DATA SUPPLIED:
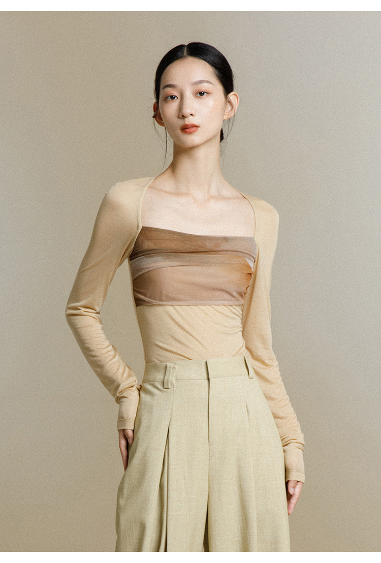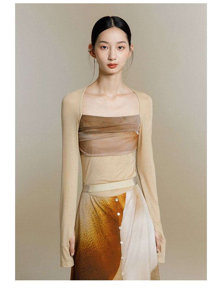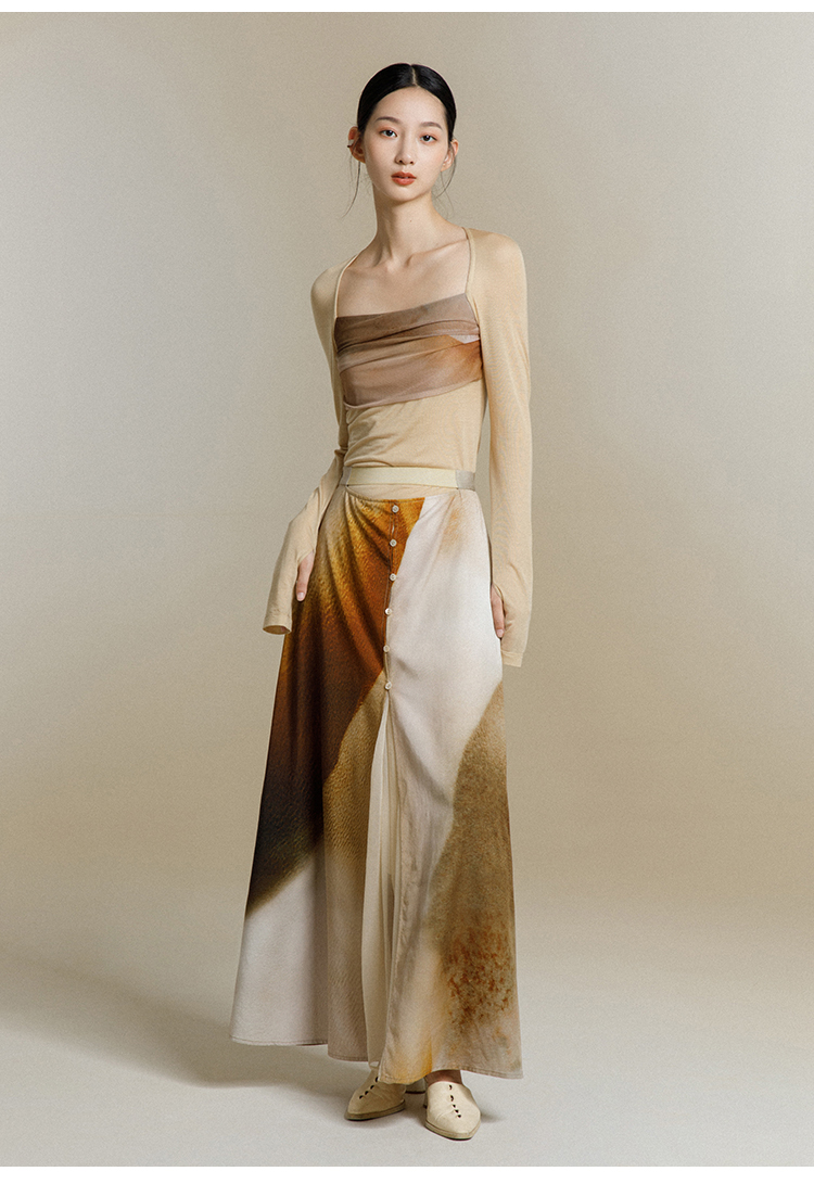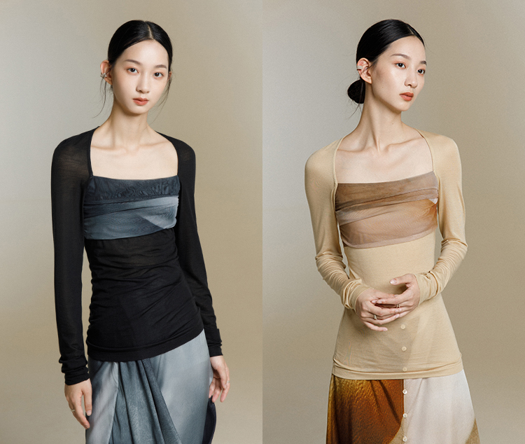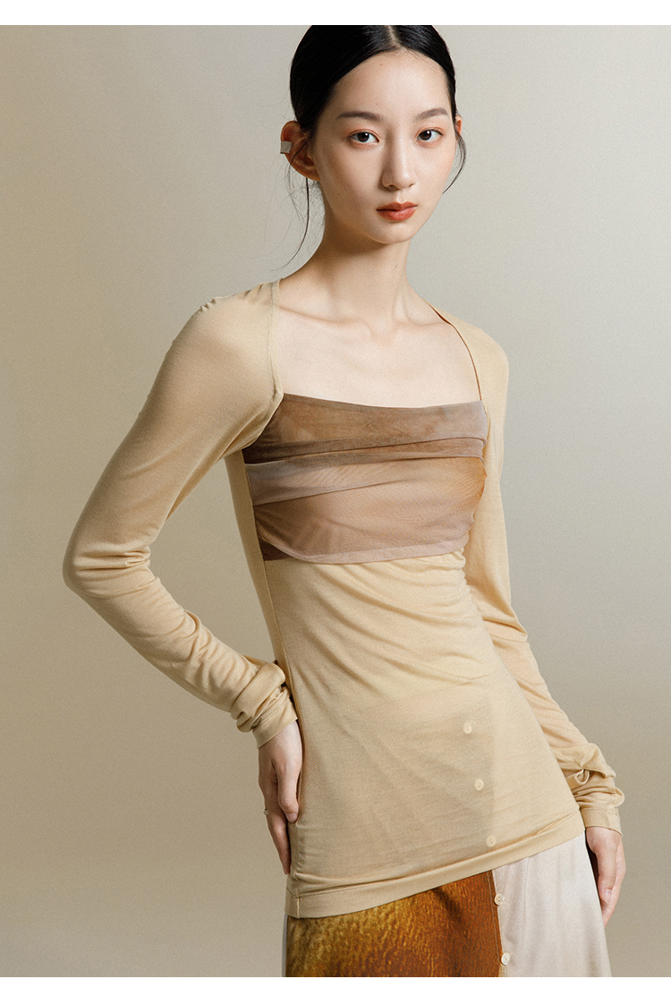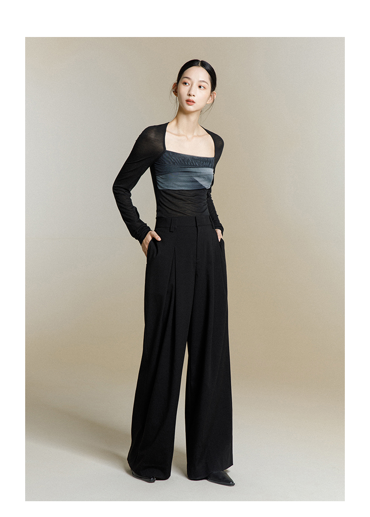 MURMURMI/MT166/印花拼接方领T恤 女初秋长袖上衣
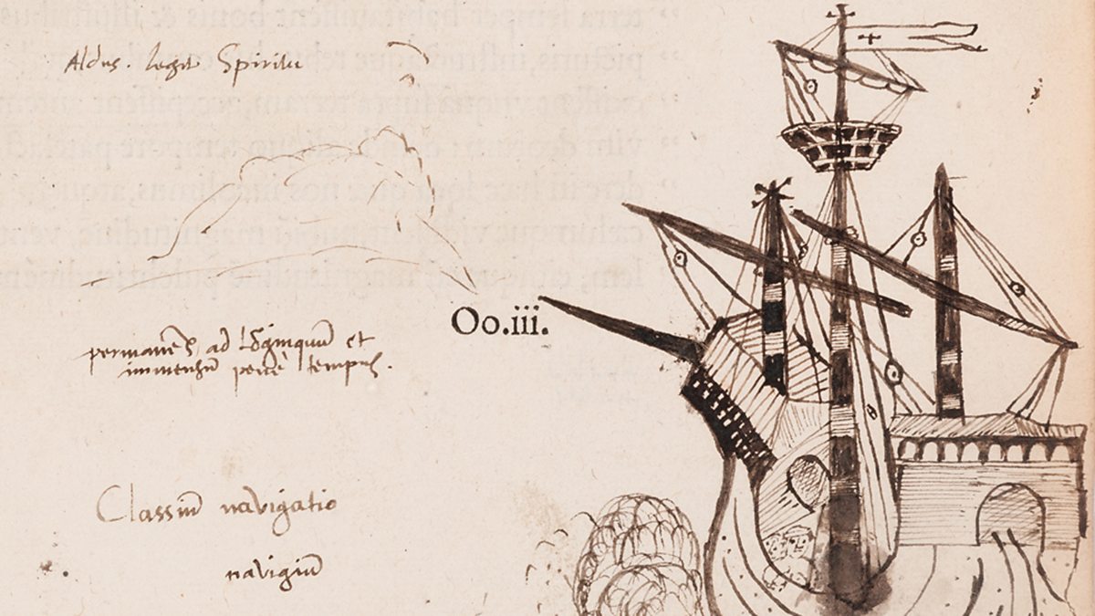 Main Image: Cicero - Opera omnia, vol. 2. Ship drawing in margin and annotations by John Dee. Photograph by Mike Fear. (c) Royal College of Physicians.
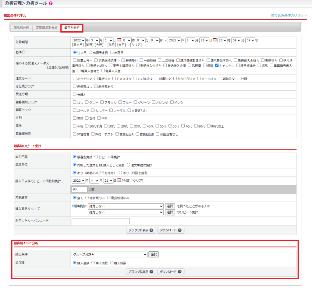 1.分析>分析ツール>[顧客別分析]タブ 顧客ABC分析 よりデータをダウンロードします。
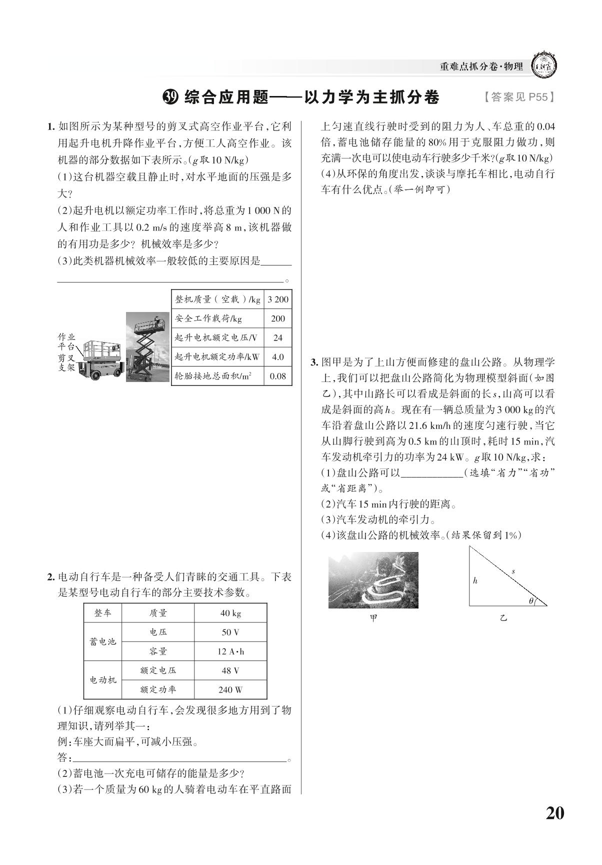 中考物理题型分类抓分卷——综合应用题:以力学为主抓分卷【39】
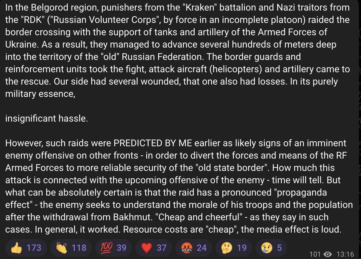 Hâte de demander aux bots-ukronazis ce que devient l'offensive à Belgorod dans trois joursJ'imagine que c'est juste une psyops qui ne durera que la journée, histoire d'humilier un peu poutine.
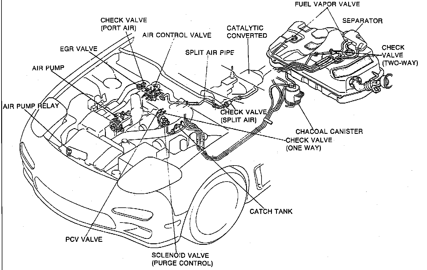 To reduce exhaust emissions, these vehicles use an evaporative emission control system, exhaust gas recirculation system, positive crankcase ventilation system, three way catalytic converters, secondary air injection system, and electronic gasoline injection.
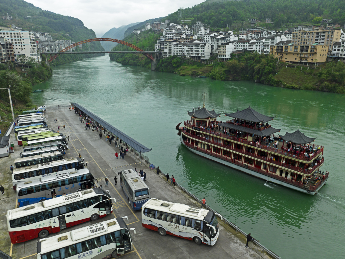 在高谷鎮水域,游客們登上游船,暢游烏江畫廊。
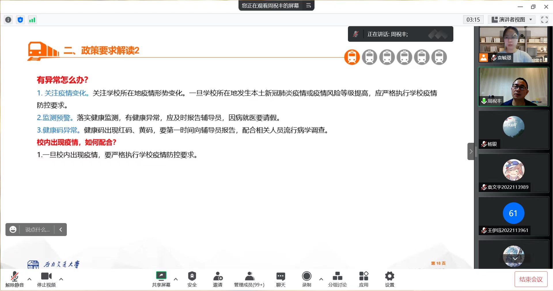 由学生资助管理中心、小资小助宣讲团主讲了学生资助专题,宣讲了本科生资助政策,校招生就业处易洺瑶老师为同学们做了职业生涯规划教育专题教育,邀请校医院周祝丰副院长讲述了新冠疫情防控专题,由校保卫处宣讲了安全知识教育与防范电信网络诈骗专题,校心理中心董洁老师结合新生实际开展了心理健康教育专题与新生适应教育专题教育,校图书馆何雪梅老师进行了图书馆新生入馆教育讲座。学院组织新生通过安全微课平台于10月17日前完成全部课程学习。

REQUIREMENT: Set down, in exact form, only the lines that start at the one containing "在高谷鎮水域,游客們登上游船,暢游烏江畫廊。" and finish at the last line of the material; pictures do not go in.

ANSWER FOR THIS EXERCISE:
 在高谷鎮水域,游客們登上游船,暢游烏江畫廊。
 由学生资助管理中心、小资小助宣讲团主讲了学生资助专题,宣讲了本科生资助政策,校招生就业处易洺瑶老师为同学们做了职业生涯规划教育专题教育,邀请校医院周祝丰副院长讲述了新冠疫情防控专题,由校保卫处宣讲了安全知识教育与防范电信网络诈骗专题,校心理中心董洁老师结合新生实际开展了心理健康教育专题与新生适应教育专题教育,校图书馆何雪梅老师进行了图书馆新生入馆教育讲座。学院组织新生通过安全微课平台于10月17日前完成全部课程学习。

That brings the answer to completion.